> **Task inputs**
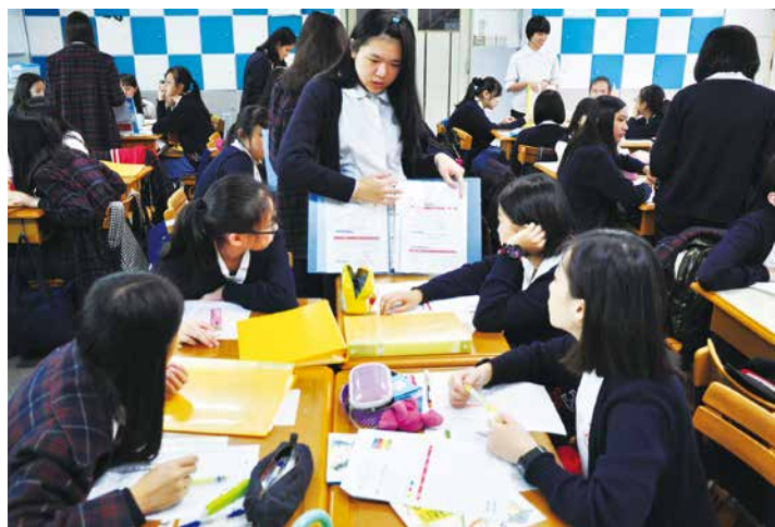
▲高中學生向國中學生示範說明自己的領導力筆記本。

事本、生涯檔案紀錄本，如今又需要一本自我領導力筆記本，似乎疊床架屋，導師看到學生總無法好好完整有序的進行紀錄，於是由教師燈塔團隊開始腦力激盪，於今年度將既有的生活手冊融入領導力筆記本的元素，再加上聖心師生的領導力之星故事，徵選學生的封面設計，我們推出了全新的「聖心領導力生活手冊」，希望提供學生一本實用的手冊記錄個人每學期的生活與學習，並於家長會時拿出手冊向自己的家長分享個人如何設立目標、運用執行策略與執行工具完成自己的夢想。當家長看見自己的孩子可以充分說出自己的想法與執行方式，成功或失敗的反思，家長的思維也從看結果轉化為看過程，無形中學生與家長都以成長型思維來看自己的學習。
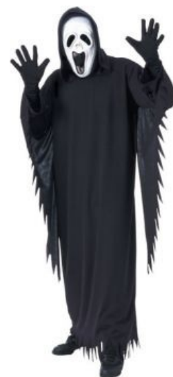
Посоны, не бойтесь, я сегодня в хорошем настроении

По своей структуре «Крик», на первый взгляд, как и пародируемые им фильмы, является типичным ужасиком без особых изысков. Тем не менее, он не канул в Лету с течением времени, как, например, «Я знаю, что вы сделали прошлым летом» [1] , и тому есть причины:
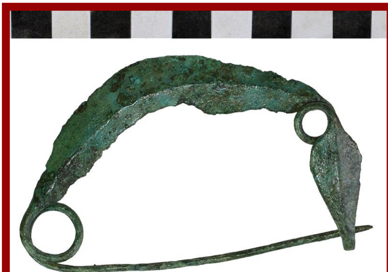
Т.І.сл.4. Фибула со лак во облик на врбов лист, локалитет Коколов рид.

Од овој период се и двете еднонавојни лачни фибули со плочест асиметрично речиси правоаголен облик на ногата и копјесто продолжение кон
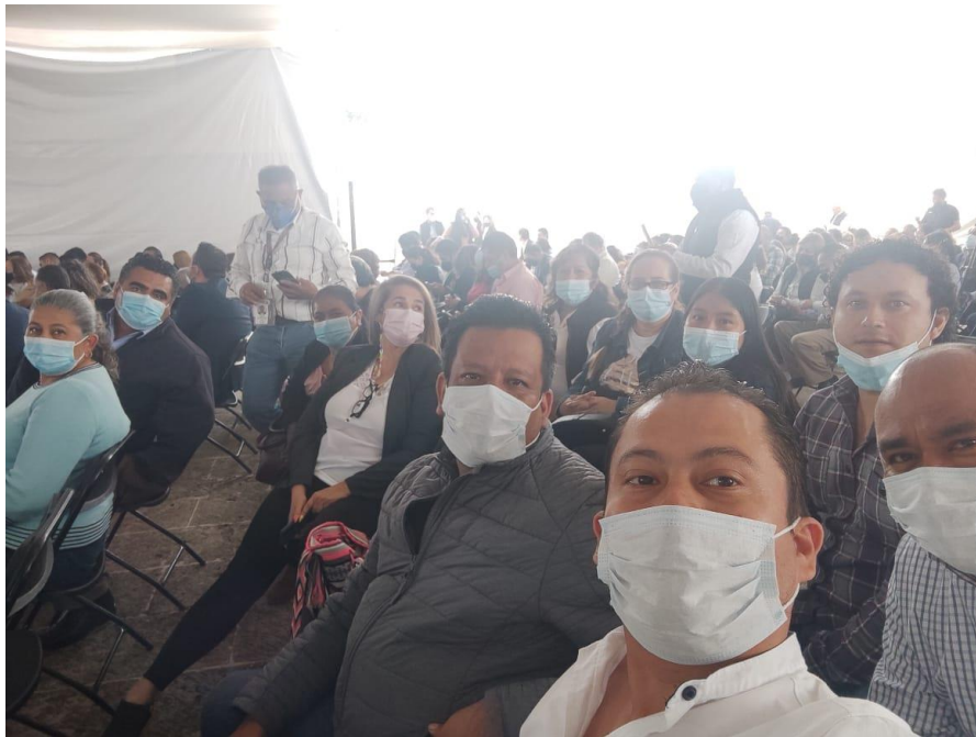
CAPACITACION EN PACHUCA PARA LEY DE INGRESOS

> **What the task asks**
All pictures are to be dropped, and the records above returned exactly.

> **Reply to the task**
▲高中學生向國中學生示範說明自己的領導力筆記本。

事本、生涯檔案紀錄本，如今又需要一本自我領導力筆記本，似乎疊床架屋，導師看到學生總無法好好完整有序的進行紀錄，於是由教師燈塔團隊開始腦力激盪，於今年度將既有的生活手冊融入領導力筆記本的元素，再加上聖心師生的領導力之星故事，徵選學生的封面設計，我們推出了全新的「聖心領導力生活手冊」，希望提供學生一本實用的手冊記錄個人每學期的生活與學習，並於家長會時拿出手冊向自己的家長分享個人如何設立目標、運用執行策略與執行工具完成自己的夢想。當家長看見自己的孩子可以充分說出自己的想法與執行方式，成功或失敗的反思，家長的思維也從看結果轉化為看過程，無形中學生與家長都以成長型思維來看自己的學習。
Посоны, не бойтесь, я сегодня в хорошем настроении

По своей структуре «Крик», на первый взгляд, как и пародируемые им фильмы, является типичным ужасиком без особых изысков. Тем не менее, он не канул в Лету с течением времени, как, например, «Я знаю, что вы сделали прошлым летом» [1] , и тому есть причины:
Т.І.сл.4. Фибула со лак во облик на врбов лист, локалитет Коколов рид.

Од овој период се и двете еднонавојни лачни фибули со плочест асиметрично речиси правоаголен облик на ногата и копјесто продолжение кон
CAPACITACION EN PACHUCA PARA LEY DE INGRESOS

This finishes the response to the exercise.